休日のデパートは家族連れが多く賑わっていた。
はしゃぐ子供の笑い声や楽しそうにショッピングをする人々の中で、なぜか名前は不貞腐れた表情を浮かべながら歩いていた。
その隣を歩く風見は困ったように乾いた笑いを漏らすばかりだ。
服を買いに行きたいと言ってここへ連れてきたのは風見で、名前の機嫌が少しばかり斜めになったのはデパートへ向かう間の車内での会話が原因だ。
しかし風見としては話さないわけにはいかなかった。
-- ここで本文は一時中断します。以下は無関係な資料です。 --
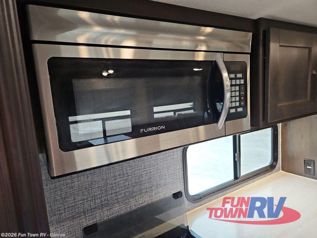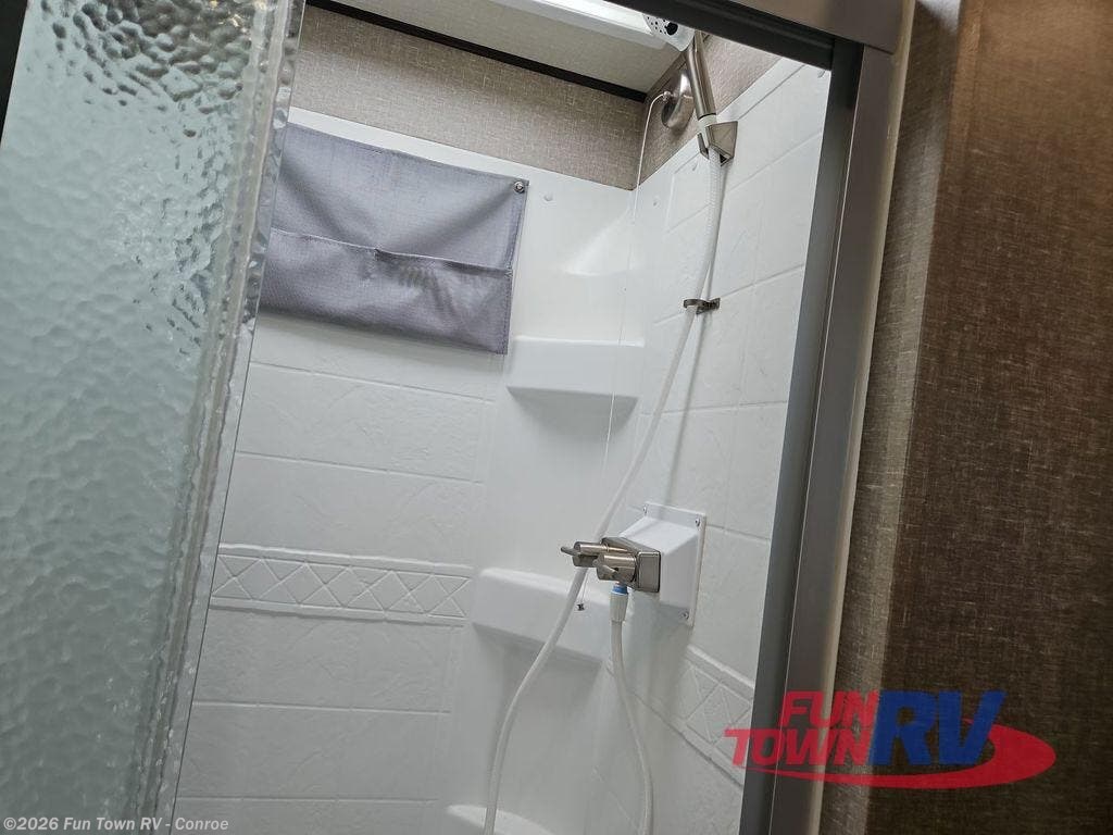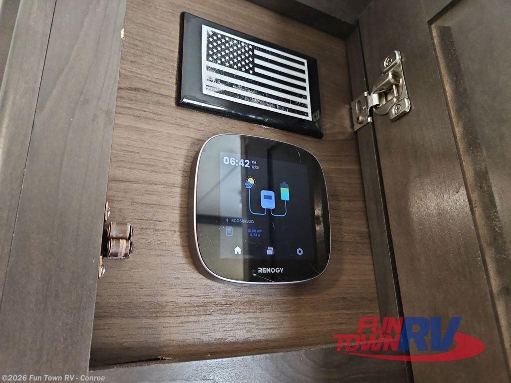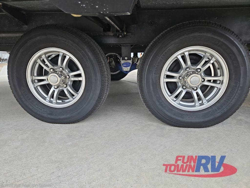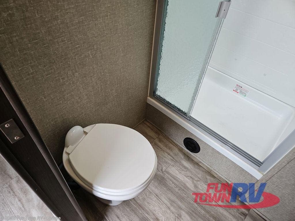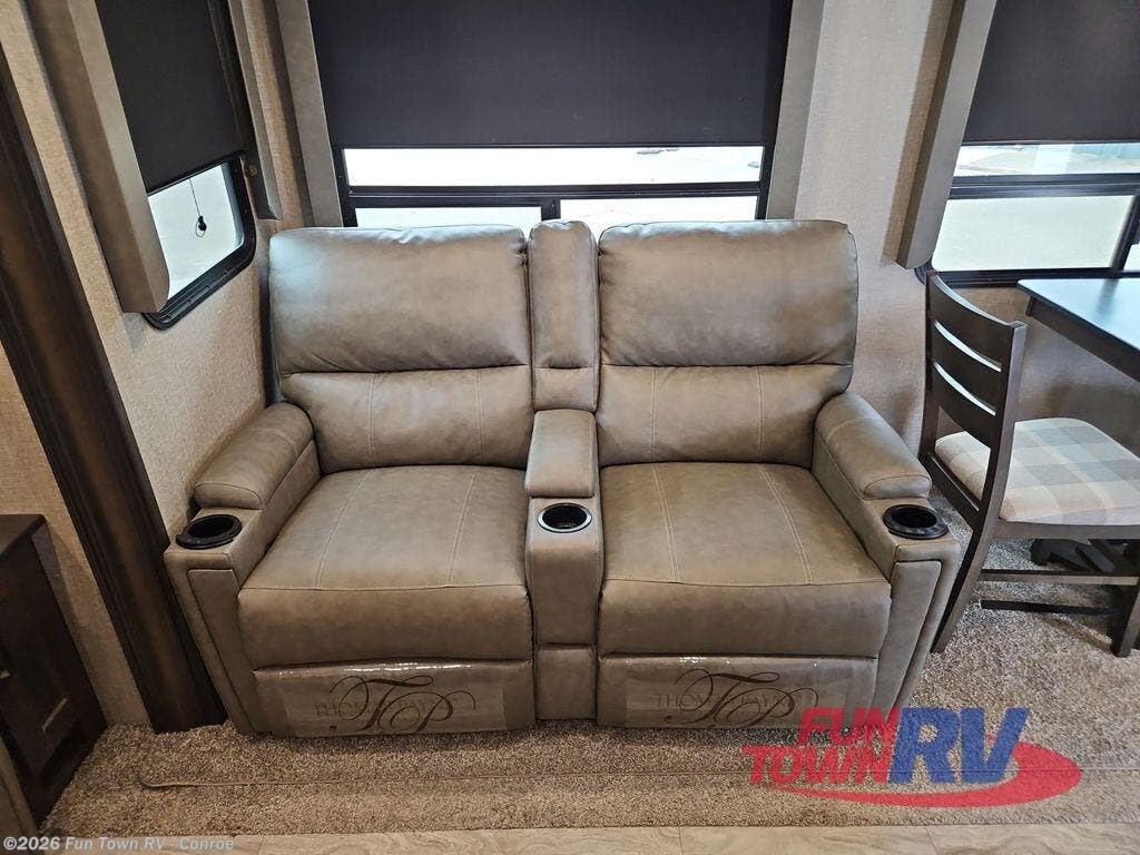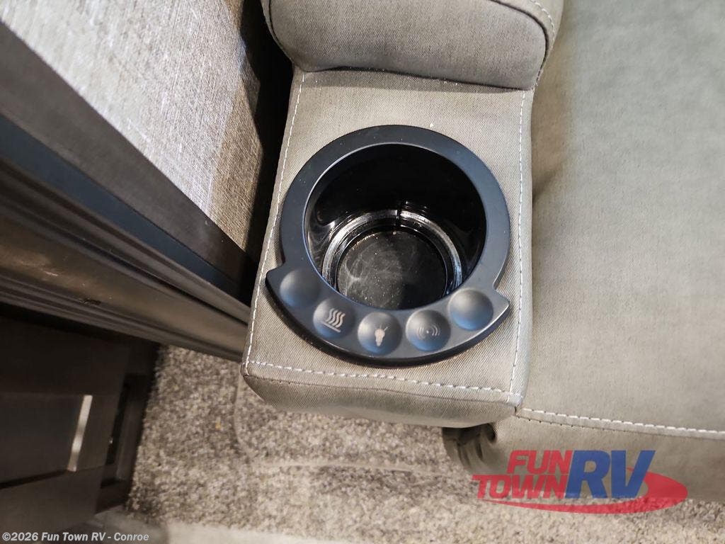 Whether you travel to explore or relax, this trailer will give you the choice depending where you park it! The outside kitchen provides another place to make meals when you want to be in the outdoors, and the inside kitchen amenities offer a gourmet kitchen including a 10 cu. ft. refrigerator, an island, and a hutch. You and your guests will find theatre seating with cupholders, a booth dinette or choose a free standing dinette option, and a tri-fold sofa to sit on and visit while you watch the 40" LED HDTV with fireplace below. The full bathroom includes a space saving sliding door and linen storage, and the bedroom gives you a front walk-around queen bed with storage for your clothes on each side, plus there is an additional wardrobe with drawers and the option to add a washer/dryer to the prepped space.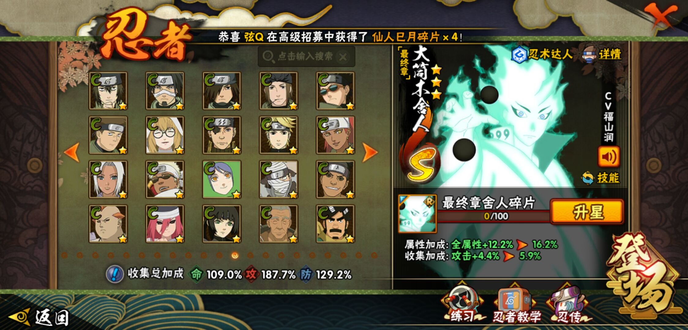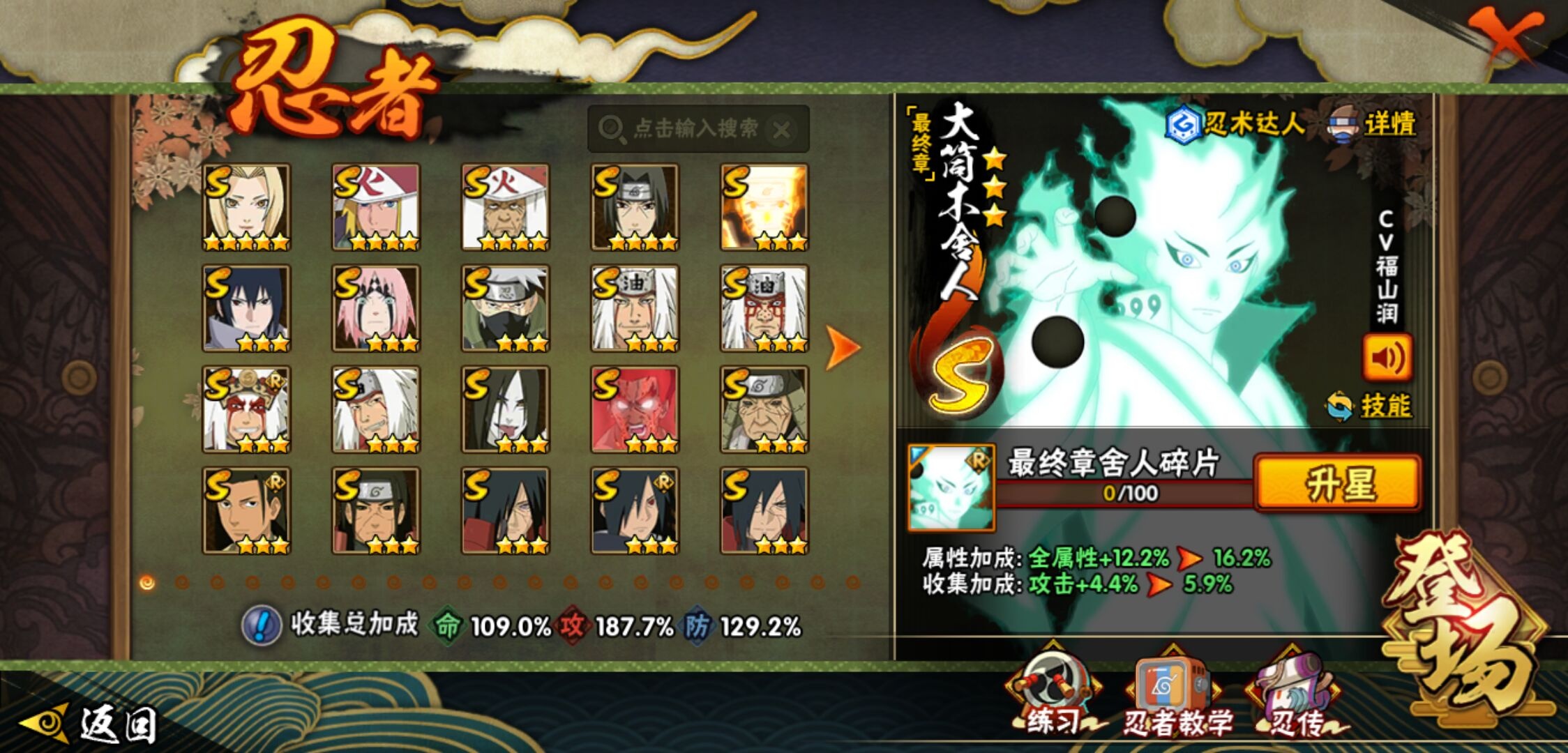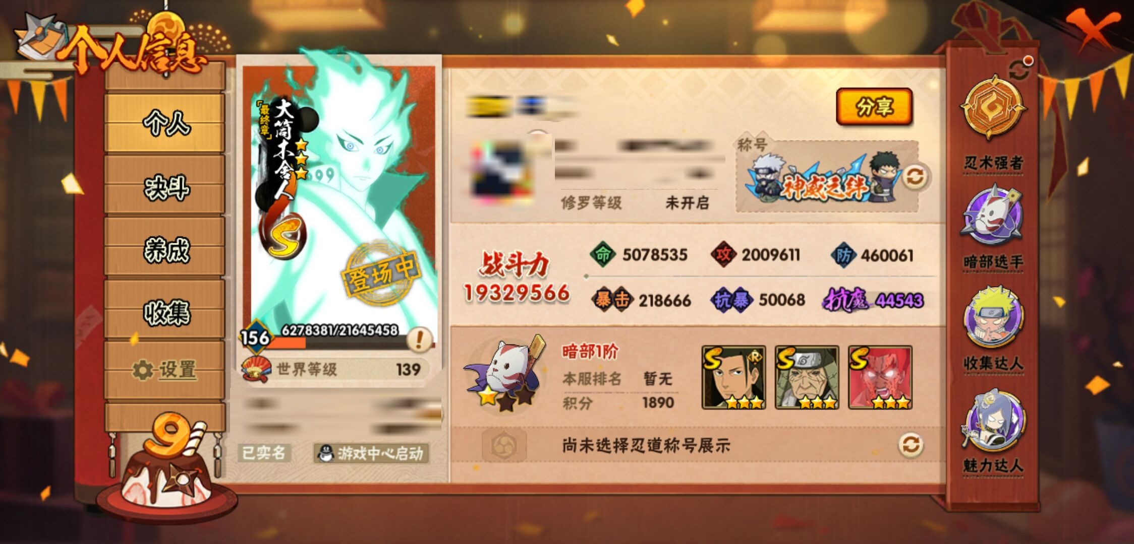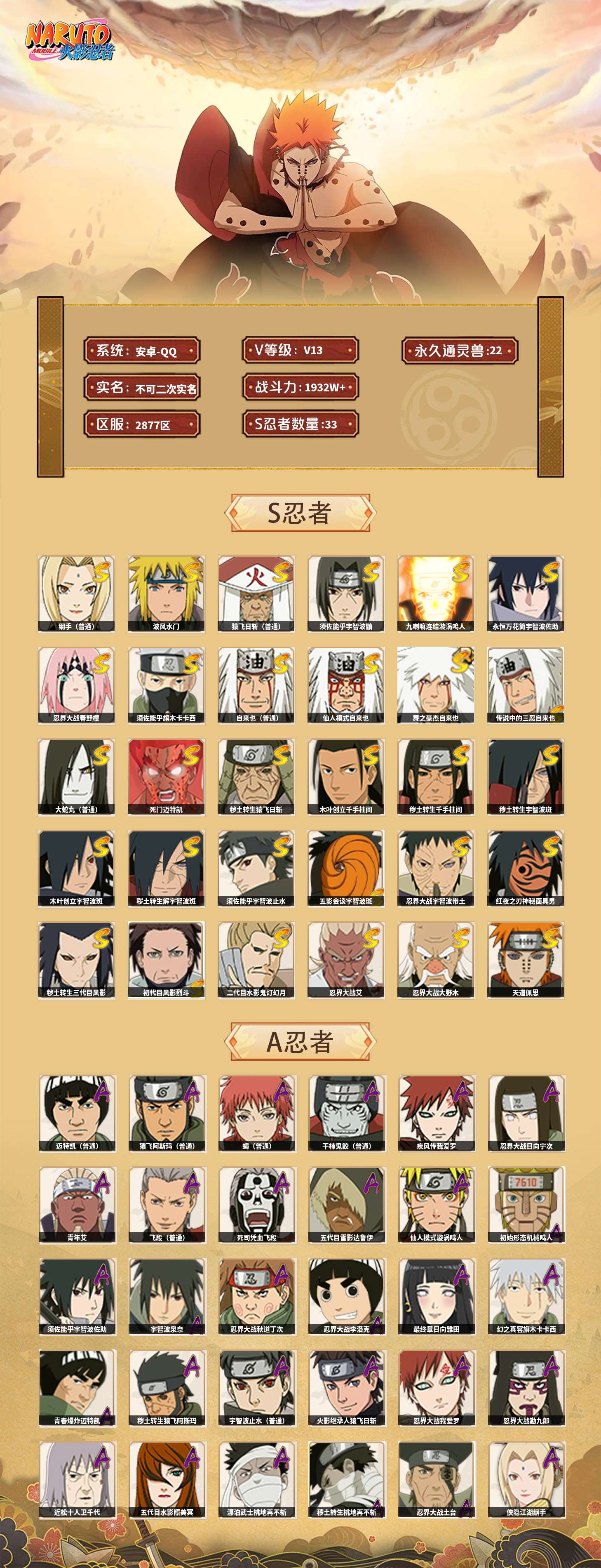 【火影忍者】【lyhy9358】战斗力:1932w;段位:暗部1阶;本服排名:24;vip:v13级;s忍:33个;a忍:50个;通灵兽:22个,s忍:纲手(普通) 5星|波风水门 4星|猿飞日斩(普通) 4星|须佐能乎宇智波鼬 4星|九喇嘛连结漩涡鸣人|永恒万花筒宇智波佐助|忍界大战春野樱|须佐能乎旗木卡卡西|自来也(普通)|仙人模式自来也|舞之豪杰自来也|传说中的三忍自来也|大蛇丸(普通)|死门迈特凯|秽土转生猿飞日斩|木叶创立千手柱间|秽土转生千手柱间|秽土转生宇智波斑|木叶创立宇智波斑|秽土转生解宇智波斑|须佐能乎宇智波止水|五影会谈宇智波斑|忍界大战宇智波带土|红夜之刃神秘面具男|秽土转生三代目风影|初代目风影烈斗|二代目水影鬼灯幻月|忍界大战艾|忍界大战大野木|天道佩恩|最终章大筒木舍人|大筒木桃式|博人传大筒木金式__a忍:迈特凯(普通) 5星|猿飞阿斯玛(普通) 5星|蝎(普通) 5星|干柿鬼鲛(普通) 5星|疾风传我爱罗 4星|忍界大战日向宁次 3星|青年艾 3星|飞段(普通) 3星|死司凭血飞段 3星|五代目雷影达鲁伊 3星|仙人模式漩涡鸣人|初始形态机械鸣人|须佐能乎宇智波佐助|宇智波泉奈|忍界大战秋道丁次|忍界大战李洛克|最终章日向雏田|幻之真容旗木卡卡西|青春爆炸迈特凯|秽土转生猿飞阿斯玛|宇智波止水(普通)|火影继承人猿飞日斩|忍界大战我爱罗|忍界大战勘九郎|近松十人卫千代|五代目水影照美冥|漂泊武士桃地再不斩|秽土转生桃地再不斩|忍界大战土台|侠隐江湖纲手|妖怪奇谭纲手|不缘|青年长门|漂泊浪客佩恩六道|小南(普通)|漂泊浪客小南|地怨虞角都|秽土转生角都|绯流琥蝎|宇智波鼬(普通)|夏日限定宇智波鼬|迪达拉(普通)|加藤断|火之意志继承者卑留呼|羁绊神农|桃式显现漩涡博人|六代目水影长十郎|仙人模式巳月|四代目土影黑土|夏日限定黑土__通灵兽:忍犬(普通)|蓝蛇|砂之守鹤|蛤蟆吉|忍龟|镰鼬|猿魔|山椒鱼|蛞蝓(普通)|蜃|蛤蟆仙人|鲛鲨|熊猫|蛤蟆健|乌鸦(普通)|蛤蟆龙|蛞蝓侠隐江湖|蛤蟆广|梦貘|辛牙|鹰|蜘蛛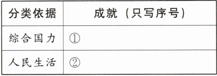 (1)请你根据下表中的分类依据,对上述成就进行分类。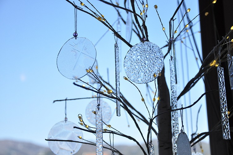 店内には、型板ガラスを使ったオーナメントやアクセサリーが並びます。特に人気なのが「ゆらゆらオーナメント」。割れたガラスのかけらを糸で吊るし、風に揺れてシャラシャラと涼し気な音を奏でます。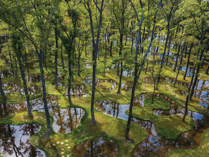 The inaugural prize – which brings with it a very generous €100,000 – is awarded to Junya Ishigami, a young Japanese architect already feted for his rigorous, seemingly gravity-defying structures, which have won him a prestigious Golden Lion at 2010’s Venice Architecture Biennale, and the commission for 2019’s Serpentine Pavilion. But this time it is not a structure but a garden he has created. The Art Biotop Water Garden sits at the foot of Mount Nasu in Tochigi, north of Tokyo, next to an artist’s retreat, Art Biotop. Ishigami, when scoping out the area, discovered a hotel was about to be built in an adjacent spot, currently covered with mature forest, all of which would be destroyed in the creation of the hotel. Ishigami suggested replanting the forest – moss and all – in an adjacent meadow, a former rice paddy, thereby creating an extraordinary water and forest-scape. It’s a pretty novel idea, and certainly not the easiest nor cheapest to implement, but it allowed Ishigami to set out some bold parameters: nothing new was to be used in the creation of this garden; everything that could be used from the forest was to be reused. But he went further. He sculpted the rice paddy into a connecting network of small, elliptical ponds, each one a biotope – a miniature habitat for aquatic plants and animals. By utilising an existing irrigation system, plus the site’s gentle slope, he ensured that fresh water is continuously drawn through and around the site, providing mesmerising and ever-shifting reflections and patterns of light. The 380 mature trees he relocated were uprooted and replanted over the course of four years, with the trees grouped in sympathetic arrangements around the ponds, at a closer density than would normally be found within nature. Thus, the jury summarised, he had created a garden that is both ‘a highly artificial landscape, carefully modelled and dependent on technological artefacts’, and ‘an undeniably natural and living organism that grows and changes by its own inherent dynamics’. The jury, chaired by US landscape architect Martha Schwartz, and including directors of leading international practices – such as Kjetil Traedal Thorsen of Snøhetta – declared that ‘the project demonstrates how we can interact with and make our imprint on nature without destroying it’.
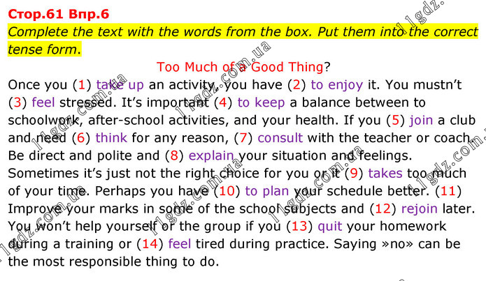 Complete the text with the words from the box. Put them into the correct tense form. Too Much of a Good Thing? Once you (1) take up an activity, you have (2) to enjoy it. You mustn’t (3) feel stressed. It’s important (4) to keep a balance between to schoolwork, after-school activities, and your health. If you (5) join a club and need (6) think for any reason, (7) consult with the teacher or coach. Be direct and polite and (8) explain your situation and feelings. Sometimes it’s just not the right choice for you or it (9) takes too much of your time. Perhaps you have (10) to plan your schedule better. (11) Improve your marks in some of the school subjects and (12) rejoin later. You won’t help yourself or the group if you (13) quit your homework during a training or (14) feel tired during practice. Saying »no» can be the most responsible thing to do.

彼に付き合ってもらわなければならない理由が明確にあったからである。
「とりあえずこの店でいいんじゃねーの」
ご機嫌斜めであっても風見からの頼みごとを放棄しない人の良さに甘えつつ、店へと入っていく名前の後を追う。
店内は落ち着いた雰囲気で彼のような若い子から自分のような年齢の客がいることから幅広い世代をターゲットにした店なのだと推測する。
「なんで俺が安室さんの為に使いっ走りにならなきゃいけねーんだよ」
文句を言いながらも物色し始めたのは服だ。それも降谷のための。名前が不機嫌になった原因はそこだった。
名前が選んだ店は男性向けのファッション店で、店内にあるマネキンのファッションは風見が要望した通り派手すぎず地味すぎない色使いとコーディネートだ。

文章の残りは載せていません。